The input START

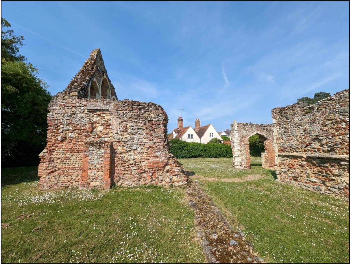
General view of the ruins
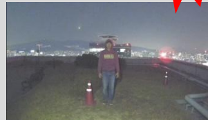
Dark Hunter (HD, 60fps)
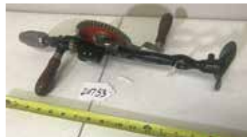
Lot#20753. Miller Falls No 118 3 jaw breast drill, like new
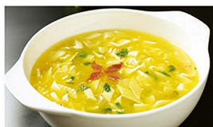
D005 平桥豆腐 $13.80 Braised Tofu with Ham
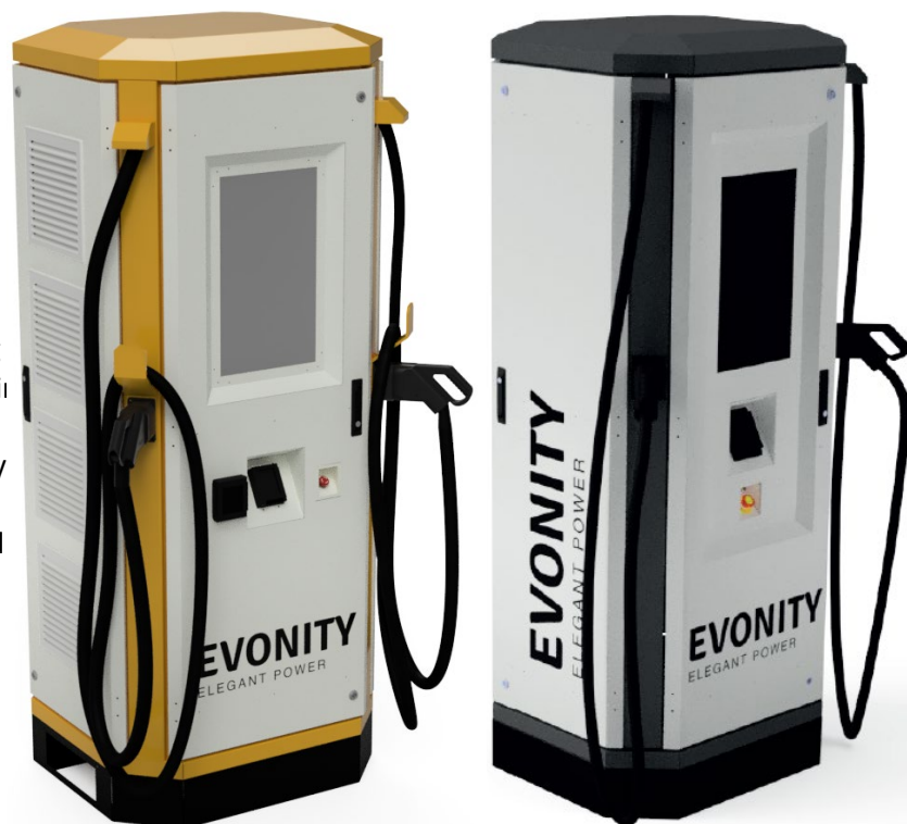
The shown pictures are for illustrative means and can deviate from the end product
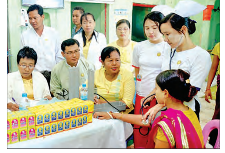
Traditional practitioners give health care to Hindus displaced by the attack of ARSA terrorists at a relief camp in Sittway.

Health care will continue to be provided to the relief camps in Sittway. Most health problems are diarrhea, headache, insomnia, knee pain and back ache, while for children cough and asthma were the most treated."
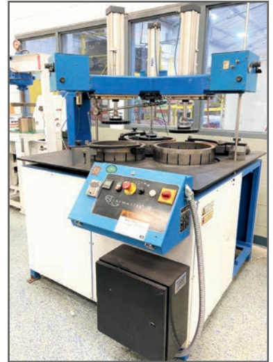
LAPMASTER SS-36H SINGLE SIDE LAPPING MACHINE

BLANCHARD NO. 18 ROTARY SURFACE GRINDER , s/n NA
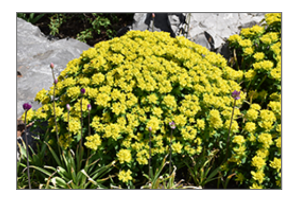
Cushion Spurge in bloom

This is a relatively low maintenance plant, and should only be pruned after flowering to avoid removing any of the current season's flowers. Deer don't particularly care for this plant and will usually leave it alone in favor of tastier treats. Gardeners should be aware of the following characteristic(s) that may warrant special consideration;
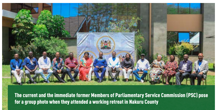
The current and the immediate former Members of Parliamentary Service Commission (PSC) pose for a group photo when they attended a working retreat in Nakuru County

"It was a pleasure interacting with former Commissioners who were led by my predecessor and AG Hon. Justin Muturi during the retreat aimed at building stronger bonds and synergy within the Commission," said Hon. Wetang'ula.
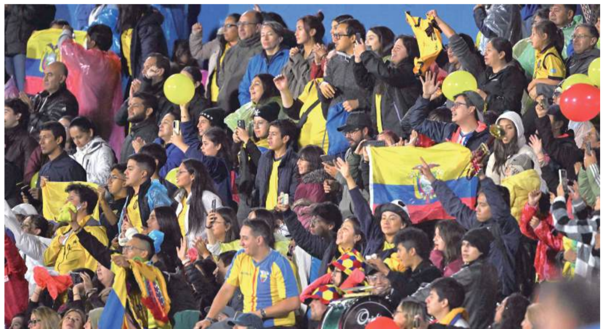
Fans of Ecuador celebrate qualification for the intercontinental playoffs for the 2027 FIFA Women's World Cup at the end of the CONMEBOL Nations League Women against Argentina at the Olimpico Atahualpa stadium in Quito, Ecuador on Tuesday.

Somalia is one of several countries on a travel ban list introduced by President Donald Trump's administration as part of a broader immigration crackdown.
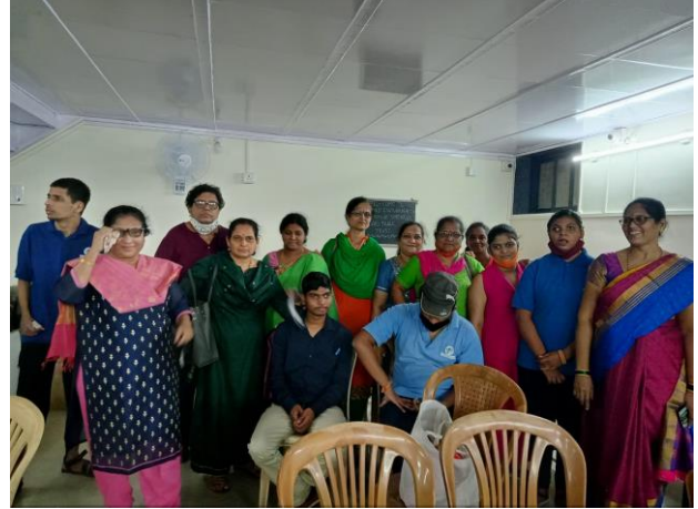
Parents of students
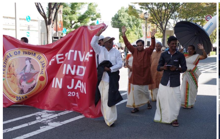
Kuttiyattam Dance Troupe at Sakai Festival
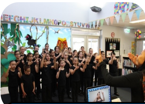
Recording the 2020 virtual CGEN performance due to COVID.
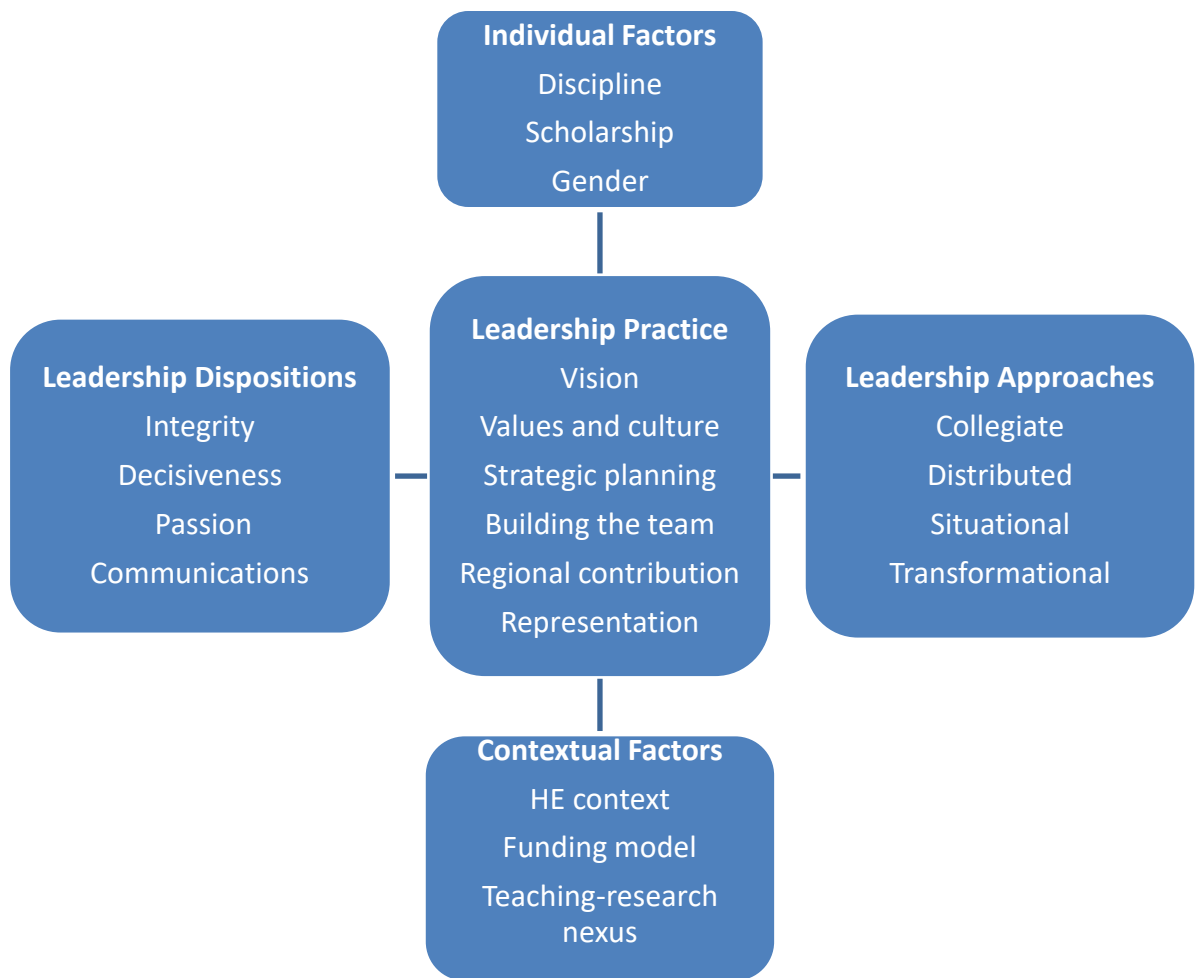
Figure 6.1: An Integrative Model of Higher Education Leadership

The vertical axis of the model describes the individual and contextual factors which mediate leadership practice. While this study investigated the influence of many individual factors, the three dominant ones were discipline, scholarship and gender. The final part of the model proposes contextual factors. By definition, contextual factors will be situationally or contextually dependent. However, the three elements identified in this study are framed as more general themes, in order that they may have wider application. These three elements are: higher education context; the funding model and the teaching-research nexus. While these will have different manifestations in various higher education settings, at a high level they describe the categories of contextual factors that may be capable of being applied in other higher education settings.
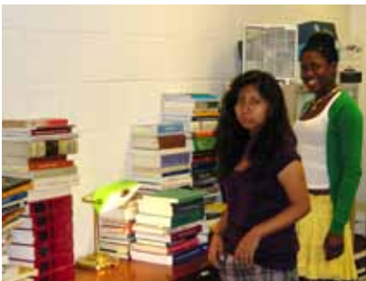
Summer Youth Employment Project

This past academic year, two new internship sites were added—a not-
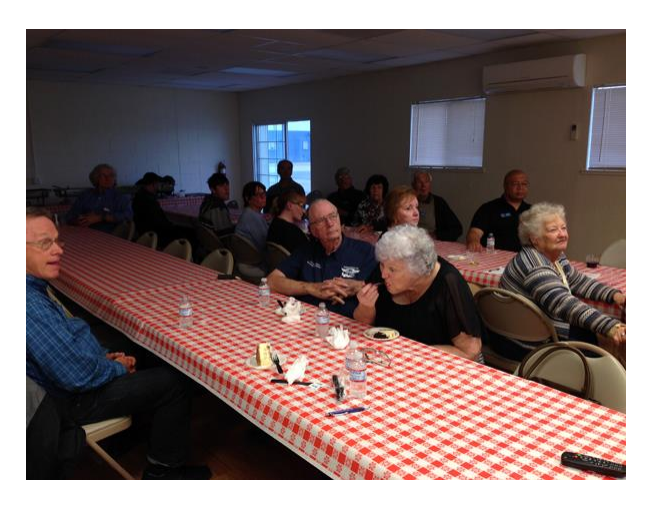
Everyone interested in the speaker except his wife who has heard it all before, so she decided to enjoy the fabulous dessert!
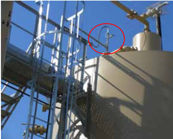
IS-20-VR installed on salt water disposal system tank

Note: additional specifications are available on data sheet IS-20. Options listed on the IS-20 data sheet are not available on the IS-20-VR version.
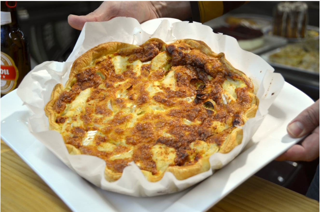
There are lots of quiches here
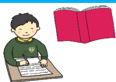
Maths in Home Learning Pack

10:30 – 11:00: Snack and Break (in a garden if possible)
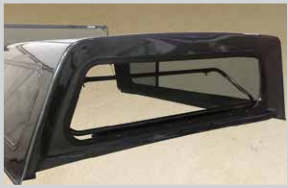
Optional cap tilt down Hinged Front Window allows access to wash back window of truck
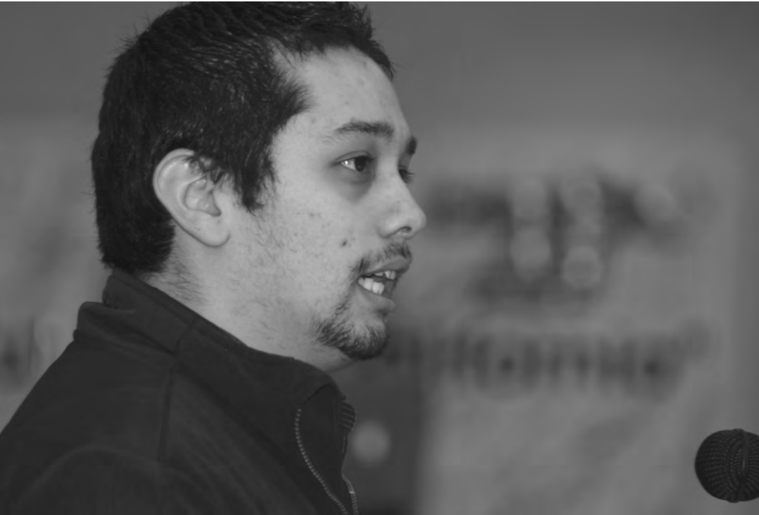
Above is the Sacramento State student body president. He spoke on how important funding is and that students are being hindered and how the Capital (Sacramento legislators) needs to prioritize higher education.
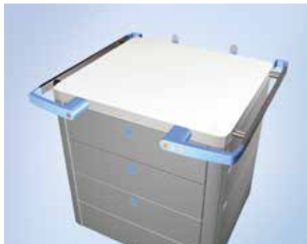
Heavy-load shelf, maximum of four drawers, with optional control handle
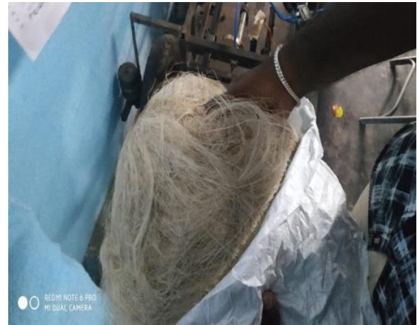
Fig.1 sisal fiber

a central decortication plant, where water is used to wash away the waste parts of the leaf. Sisal fiber is fully biodegradable, green composites were fabricated with soy protein resin modified with gelatin. Sisal fiber, modified soy protein resins, and composites were characterized for their mechanical and thermal properties. We used long fiber to analysis the materials. Sisal fiber cut to the length of 80mm. shown in fig1
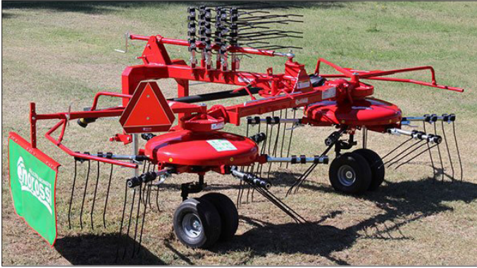
DR420 ROTARY TEDDER RAKE
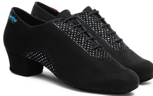
NEW ARTISTE SS black nubuck/ blacksilverhologram made to order
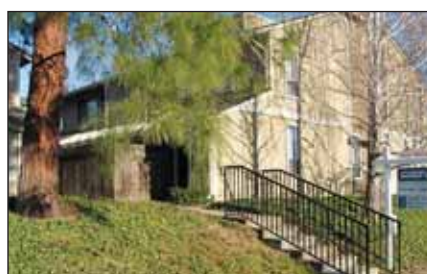
SUN 1 - 4 108 MISSION DR., PLEASANTON PRICE REDUCED $435,000 2 BR 1.5 BA Perfectly situated townhome w/new paint/blinds/flooring & updated baths w/gorg lighting 925.847.2200
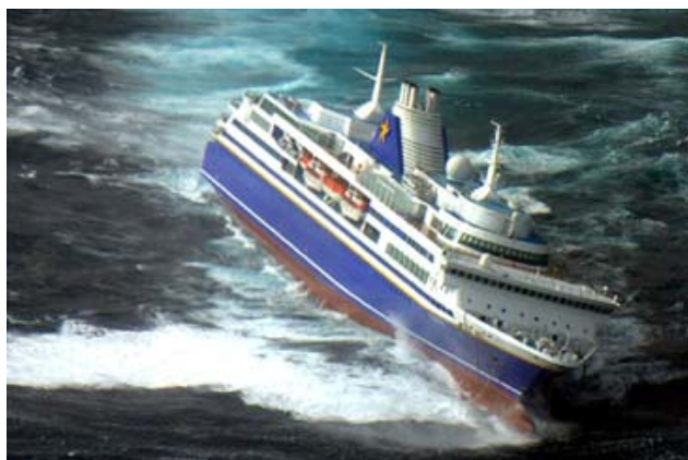
Fig. 2. The cruiser “Voyager” damaged by a 15-meter wave on 14 February (Schwabedissen and Walter: http://www.esys.org/news/grand_voyager.html , 2005).

and CNES), Envisat (CNES and ESA), GFO (NOAA) with global geographic coverage. The lowest resolution is 1^\circ Mercator grid. Near-real time data are produced twice a week. The description of all the data, its processing, reliability and data sources are provided on the website. We analyze the data from each satellite and find the maximum wave from all satellites.
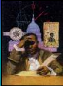
Benjamin Banneker: (1731-1806)

Wrote to Thomas Jefferson, and pointed that colonists had fought to end enslavement under British rule. Argued that maintaining slavery was simply illogical.
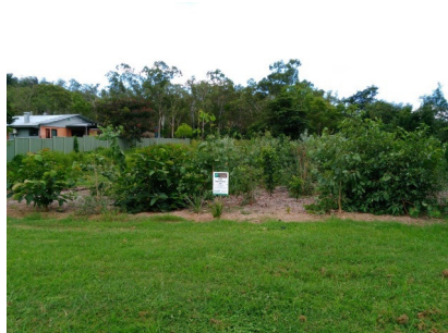
25th Landcare Anniversary Revegetation growth -March 2016
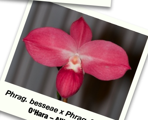
Phrag. besseae x Phrag. Scarlet O'Hara – Allie Tran
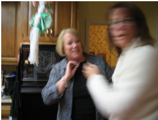
Caught in the act! Checking out great bling for Christmas giving!

The dessert table fairly groaned, featuring a large, luscious trifle, several delectable cakes, and an almond torte. Wow! We cook at least as well as we raise orchids!
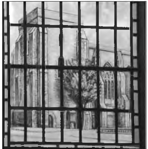
Dover St Marys East Window AK Nicholson 1955
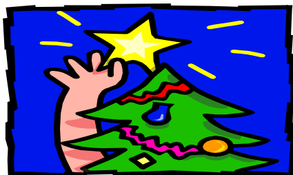
The Christmas Tree and Star. Pagan symbols.

{...The holly, the mistletoe, the Yule log and the wassail bowl are relics of pre-Christian times...The cus-
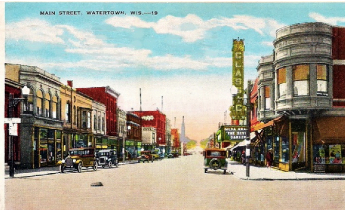
Postcard of downtown Main Street from 1927
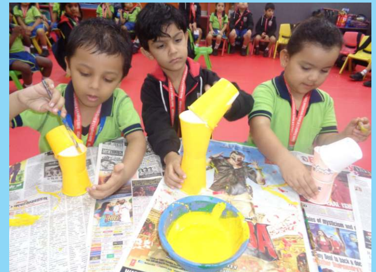
We are making giraffes
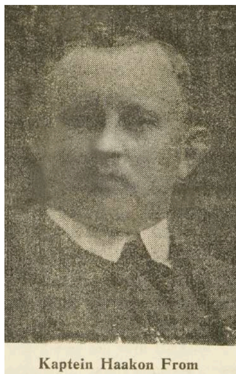
Fig. 12a: 21% overlay

The interim result (fig. 12a), a screenshot with opacity at 21%, is almost there. Even with the difference in modes (RGB and Greyscale), the two images blended together quite well. My goal of approximating the actual look of Captain Haakon From had been achieved. The final result, a screenshot on the next page (Fig. 12 b), has the opacity at just 15%. It is certainly not ideal but I think the composite image gives a better approximation of the captain's true appearance.
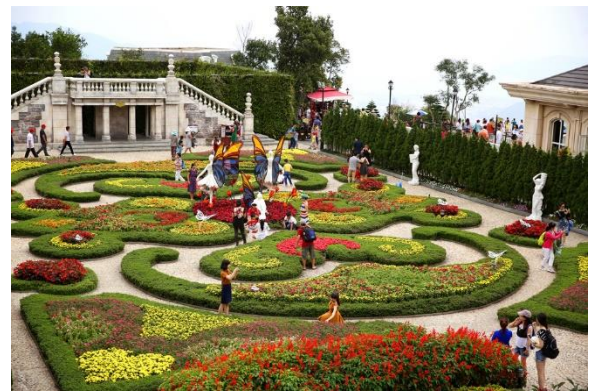
Le Jardin D'Amour Gardens

Continue to Le Jardin D'Amour Gardens where your private guide will help you discover the nine gardens of the area, the nine amusing tales and the nine varying architectures that harmonize together to form a beautiful visual sonata of beauty.
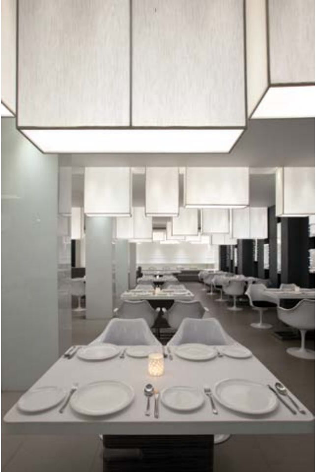
The new waiting lounge offers patrons views of the festivities inside the restaurant.

The input END

Please transcribe every entry above exactly, leaving out any pictures.

General view of the ruins
Dark Hunter (HD, 60fps)
Lot#20753. Miller Falls No 118 3 jaw breast drill, like new
D005 平桥豆腐 $13.80 Braised Tofu with Ham
The shown pictures are for illustrative means and can deviate from the end product
Traditional practitioners give health care to Hindus displaced by the attack of ARSA terrorists at a relief camp in Sittway.

Health care will continue to be provided to the relief camps in Sittway. Most health problems are diarrhea, headache, insomnia, knee pain and back ache, while for children cough and asthma were the most treated."
LAPMASTER SS-36H SINGLE SIDE LAPPING MACHINE

BLANCHARD NO. 18 ROTARY SURFACE GRINDER , s/n NA
Cushion Spurge in bloom

This is a relatively low maintenance plant, and should only be pruned after flowering to avoid removing any of the current season's flowers. Deer don't particularly care for this plant and will usually leave it alone in favor of tastier treats. Gardeners should be aware of the following characteristic(s) that may warrant special consideration;
The current and the immediate former Members of Parliamentary Service Commission (PSC) pose for a group photo when they attended a working retreat in Nakuru County

"It was a pleasure interacting with former Commissioners who were led by my predecessor and AG Hon. Justin Muturi during the retreat aimed at building stronger bonds and synergy within the Commission," said Hon. Wetang'ula.
Fans of Ecuador celebrate qualification for the intercontinental playoffs for the 2027 FIFA Women's World Cup at the end of the CONMEBOL Nations League Women against Argentina at the Olimpico Atahualpa stadium in Quito, Ecuador on Tuesday.

Somalia is one of several countries on a travel ban list introduced by President Donald Trump's administration as part of a broader immigration crackdown.
Parents of students
Kuttiyattam Dance Troupe at Sakai Festival
Recording the 2020 virtual CGEN performance due to COVID.
Figure 6.1: An Integrative Model of Higher Education Leadership

The vertical axis of the model describes the individual and contextual factors which mediate leadership practice. While this study investigated the influence of many individual factors, the three dominant ones were discipline, scholarship and gender. The final part of the model proposes contextual factors. By definition, contextual factors will be situationally or contextually dependent. However, the three elements identified in this study are framed as more general themes, in order that they may have wider application. These three elements are: higher education context; the funding model and the teaching-research nexus. While these will have different manifestations in various higher education settings, at a high level they describe the categories of contextual factors that may be capable of being applied in other higher education settings.
Summer Youth Employment Project

This past academic year, two new internship sites were added—a not-
Everyone interested in the speaker except his wife who has heard it all before, so she decided to enjoy the fabulous dessert!
IS-20-VR installed on salt water disposal system tank

Note: additional specifications are available on data sheet IS-20. Options listed on the IS-20 data sheet are not available on the IS-20-VR version.
There are lots of quiches here
Maths in Home Learning Pack

10:30 – 11:00: Snack and Break (in a garden if possible)
Optional cap tilt down Hinged Front Window allows access to wash back window of truck
Above is the Sacramento State student body president. He spoke on how important funding is and that students are being hindered and how the Capital (Sacramento legislators) needs to prioritize higher education.
Heavy-load shelf, maximum of four drawers, with optional control handle
Fig.1 sisal fiber

a central decortication plant, where water is used to wash away the waste parts of the leaf. Sisal fiber is fully biodegradable, green composites were fabricated with soy protein resin modified with gelatin. Sisal fiber, modified soy protein resins, and composites were characterized for their mechanical and thermal properties. We used long fiber to analysis the materials. Sisal fiber cut to the length of 80mm. shown in fig1
DR420 ROTARY TEDDER RAKE
NEW ARTISTE SS black nubuck/ blacksilverhologram made to order
SUN 1 - 4 108 MISSION DR., PLEASANTON PRICE REDUCED $435,000 2 BR 1.5 BA Perfectly situated townhome w/new paint/blinds/flooring & updated baths w/gorg lighting 925.847.2200
Fig. 2. The cruiser “Voyager” damaged by a 15-meter wave on 14 February (Schwabedissen and Walter: http://www.esys.org/news/grand_voyager.html , 2005).

and CNES), Envisat (CNES and ESA), GFO (NOAA) with global geographic coverage. The lowest resolution is 1^\circ Mercator grid. Near-real time data are produced twice a week. The description of all the data, its processing, reliability and data sources are provided on the website. We analyze the data from each satellite and find the maximum wave from all satellites.
Benjamin Banneker: (1731-1806)

Wrote to Thomas Jefferson, and pointed that colonists had fought to end enslavement under British rule. Argued that maintaining slavery was simply illogical.
25th Landcare Anniversary Revegetation growth -March 2016
Phrag. besseae x Phrag. Scarlet O'Hara – Allie Tran
Caught in the act! Checking out great bling for Christmas giving!

The dessert table fairly groaned, featuring a large, luscious trifle, several delectable cakes, and an almond torte. Wow! We cook at least as well as we raise orchids!
Dover St Marys East Window AK Nicholson 1955
The Christmas Tree and Star. Pagan symbols.

{...The holly, the mistletoe, the Yule log and the wassail bowl are relics of pre-Christian times...The cus-
Postcard of downtown Main Street from 1927
We are making giraffes
Fig. 12a: 21% overlay

The interim result (fig. 12a), a screenshot with opacity at 21%, is almost there. Even with the difference in modes (RGB and Greyscale), the two images blended together quite well. My goal of approximating the actual look of Captain Haakon From had been achieved. The final result, a screenshot on the next page (Fig. 12 b), has the opacity at just 15%. It is certainly not ideal but I think the composite image gives a better approximation of the captain's true appearance.
Le Jardin D'Amour Gardens

Continue to Le Jardin D'Amour Gardens where your private guide will help you discover the nine gardens of the area, the nine amusing tales and the nine varying architectures that harmonize together to form a beautiful visual sonata of beauty.
The new waiting lounge offers patrons views of the festivities inside the restaurant.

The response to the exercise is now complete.